Fair enough, took a lot to convince me to go back to Linux because of my own experiences several years ago. I'm somewhat optimistic about things this time around - but who knows what my system will look like next time something important gets updated.

That bash quote - wow, funniest thing I've read for a while. I think "It's funny because it's true" applies.

kleinbl00  ·  3406 days ago  ·  link  ·  

I may get there.

The one problem for me is it's impossible to use any of my pro software on Linux, so messing around with it doesn't really help me out. Otherwise I'd jump in a heartbeat.

user-inactivated  ·  3406 days ago  ·  link  ·  

The media production landscape on Linux is strange. If you do 3d all your tools probably have linux ports, because lots of shops want render farms or have to roll their own software and want a painless environment to do it in. Anything else and you're out of luck.

Actually, I thought CSound was neat the one time I had to make noises for a project, but it's definitely one of those applications that are exactly what you want if you're a programmer doing someone else's job, and not at all what you want otherwise.

kleinbl00  ·  3406 days ago  ·  link  ·  

Put it this way: if you do audio at all, windows is an alternative OS. If you do audio for video, it isn't even a possibility.

deepflows  ·  3405 days ago  ·  link  ·  

I always assumed that using OSX for media work instead of windows was more of an issue of image and conformity. Is this actually related to hardware or are the best tools not being sold on Windows?

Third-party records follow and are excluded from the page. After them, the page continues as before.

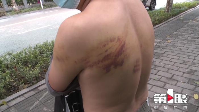 小勇后背是一团团淤青,左眼、脖子,还有大腿上,也能看到明显的伤痕。10月9号,小勇去高新区曾家找工作。一家从事职业中介的人员秦某,开车带他去了璧山一家工厂。到那里之后,小勇被告知需要交体检费,他当场表示了拒绝,对方立马变了脸。从璧山回曾家的路上,小勇遭到了殴打、罚跪和灌酒。
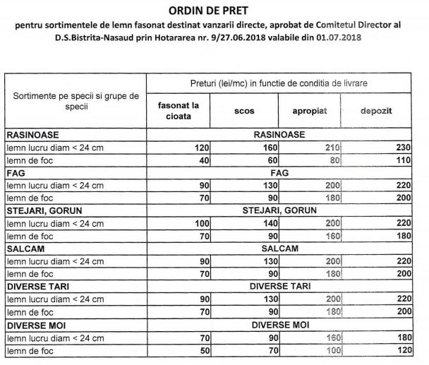 Preţurile de valorificare variază între 95 lei/mc şi 262 lei/mc (cu TVA inclus), în funcţie de specie, sortiment şi conditia de livrare, toate acestea fiind prezentate detaliat pe pagina Direcţiei Silvice Bistriţa-Năsăud, precum şi la sediile primăriilor, ocoalelor şi cantoanelor silvice din raza de activitate.
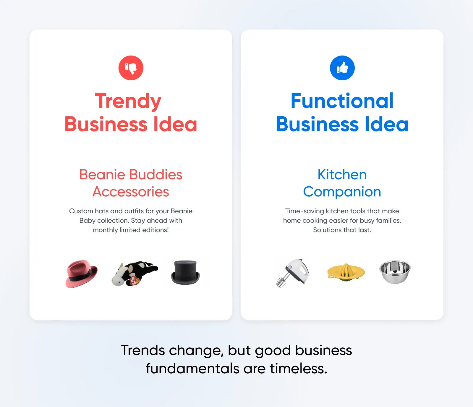 在创业之初,追赶最新潮流是很有诱惑力的。毕竟,谁想错过下一波“必备”产品的大潮呢?但是,追赶潮流很快就会适得其反。当你推出新产品时,市场可能已经转移了。相反,您应该瞄准一个持久的问题或需求,让人们的生活变得更轻松。
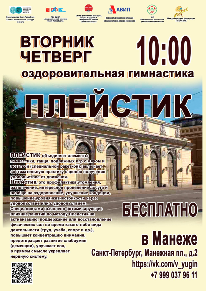Санкт-Петербургским государственным бюджетным учреждением “Центр физической культуры, спорта и здоровья Центрального района Санкт-Петербурга” в сентябре открыта социальная (бесплатная) оздоровительная программа по методу Плейстик.
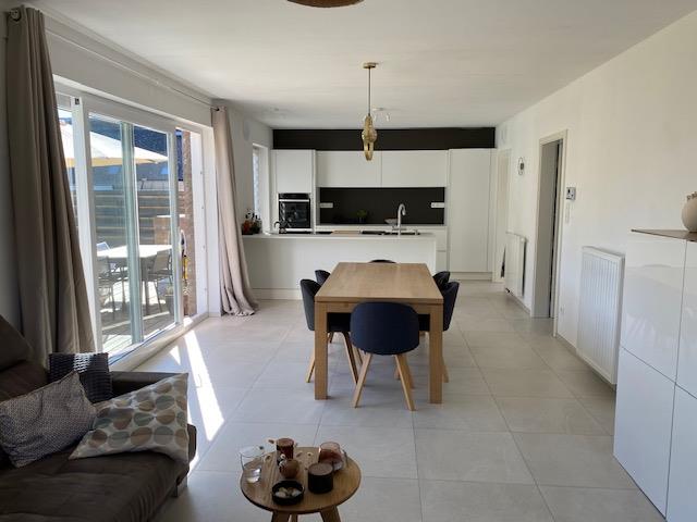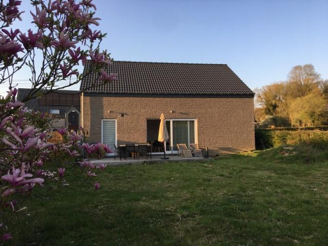 Cette superbe villa est située à Devant-Les-Bois, petit village de l'entité de Mettet, dans un endroit calme, à la campagne. Cette construction neuve de 2019 se compose, au rez: un hall d'entrée, une chambre avec au sol un plancher chêne massif, sa salle de douche et WC séparé, un spacieux living, très lumineux comprenant salon et salle à manger avec accès direct vers la terrasse, une cuisine américaine entièrement équipée avec aussi un accès vers le jardin, une buanderie avec accès direct vers l'extérieur. A l'étage un palier desservant 3 chambres et une salle de bain (bain, lavabo et wc). Cette maison de PEB B vous offre tout le confort tel que châssis double vitrage en PVC, chauffage central gaz avec une citerne enterrée de 2400L (consommation annuelle +/-1200 Eur), citerne d'eau de pluie de 5200L avec groupe hydrophore alimentant les WC - la machine à laver - un robinet extérieur, compteur électrique bi-horaire, VMC. Très beau jardin de 4 ares 99ca orienté plein Sud avec abris de jardin. A l'avant de la maison, facilité de parking avec 3 emplacements voiture. En résumé, cette maison a vraiment tout pour vous plaire...Alors n'hésitez plus venez la découvrir ! PRIX NEGOCIABLE. Pour toute information ou visite 071/72.91.93
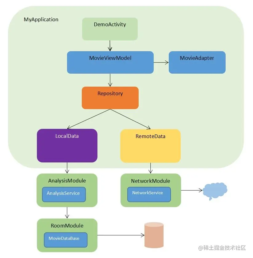 NetworkModule提供单例的Retrofit接口,向OMDB发出搜索电影的请求 - LocalData依赖
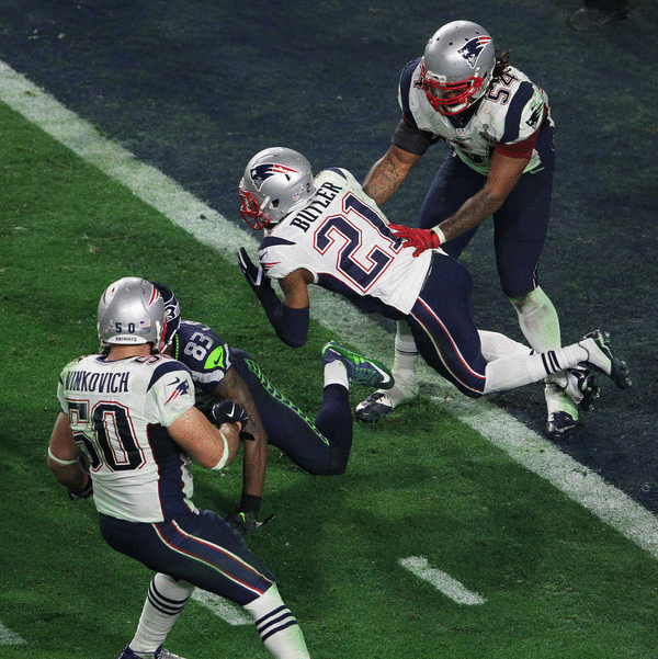 Seattle had the ball on second-and-goal on the 1 with 26 seconds left while trailing New England 28-24. Then, Russell Wilson threw a pass intended for Ricardo Lockette that Butler picked off at the goal line.
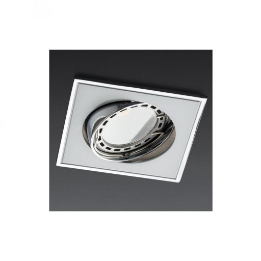 Beépíthető, billenthető, szögletes mennyezeti spot lámpa, gyöngyházas és króm színű alumínium vázzal.
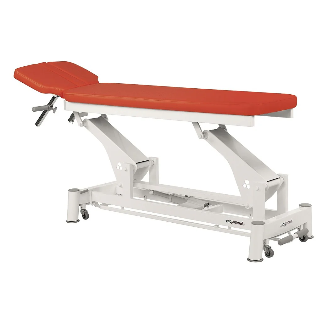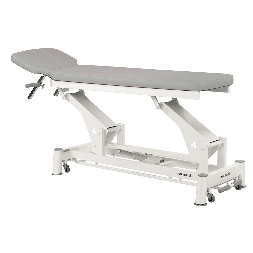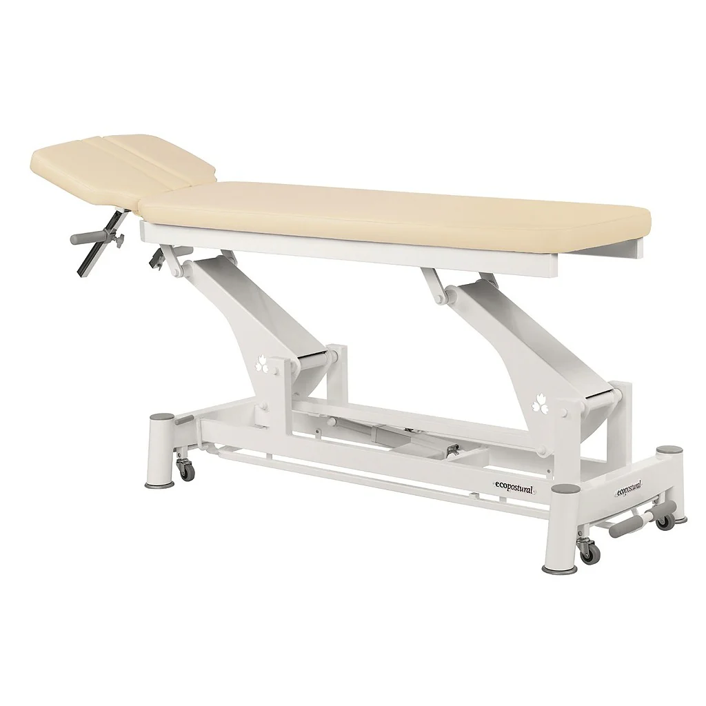 Sa tétière est ajustable en proclive, et la table peut s’ajuster en hauteur grâce à une commande au pied, placée sur le cadre de la table. Il est possible de l’élever jusqu’à 91 cm de hauteur, avec un déport lateral d’une vingtaine de centimètres seulement.

kleinbl00  ·  3405 days ago  ·  link  ·  

Back when you could still use a mac for things, it came down to the fact that audio and video out of Mac was time-accurate while audio and video out of windows was not. This improved somewhat with ASIO but the fact of the matter is, the timing spec on USB allows audio and video data packets to slip while the timing spec on Firewire does not. Timing wasn't a concern for Windows, but it absolutely was for Mac, from OS 1 clear up through OS 9 and into the OS X adventure.

Windows has caught up but there's still the problem that all the big video editing systems and all the big audio editing systems are written for mac, then ported to windows. I beta test some of the big guys and can confirm that the bugginess and problematic behavior encountered in Windows is an order of magnitude higher than it is on mac, probably for this very reason. Meanwhile, the only video editor of any merit you can run on Linux is Lightworks, which has effectively no audio editing capabilities and zero interoperability with the rest of the world.

It really is hardware-driven. The '00's were entirely driven by Final Cut, an editing program purchased by Apple that was really quite good and utterly unavailable on Windows. Avid, makers of Media Composer (the "big boy" NLE), retaliated by releasing MC and Symphony for Windows but the penetration was never as good as on Mac for all the reasons listed above. Then Apple shit the bed with Final Cut X and everyone went "shit - are we spending the money on MC/Symphony or are we slummin' it in Premiere?"

And Premiere will run on PC, sure, but you've already capitulated by running it. Why the fuck would you capitulate further by introducing Windows into your life?

Fully half my plugins are unavailable on Windows.

deepflows  ·  3406 days ago  ·  link  ·  

I take it a Virtual Machine is not an option? Or Wine?

kleinbl00  ·  3406 days ago  ·  link  ·  

Take the fun'n'games you experienced with a USB keyboard and multiply times an HD Native card.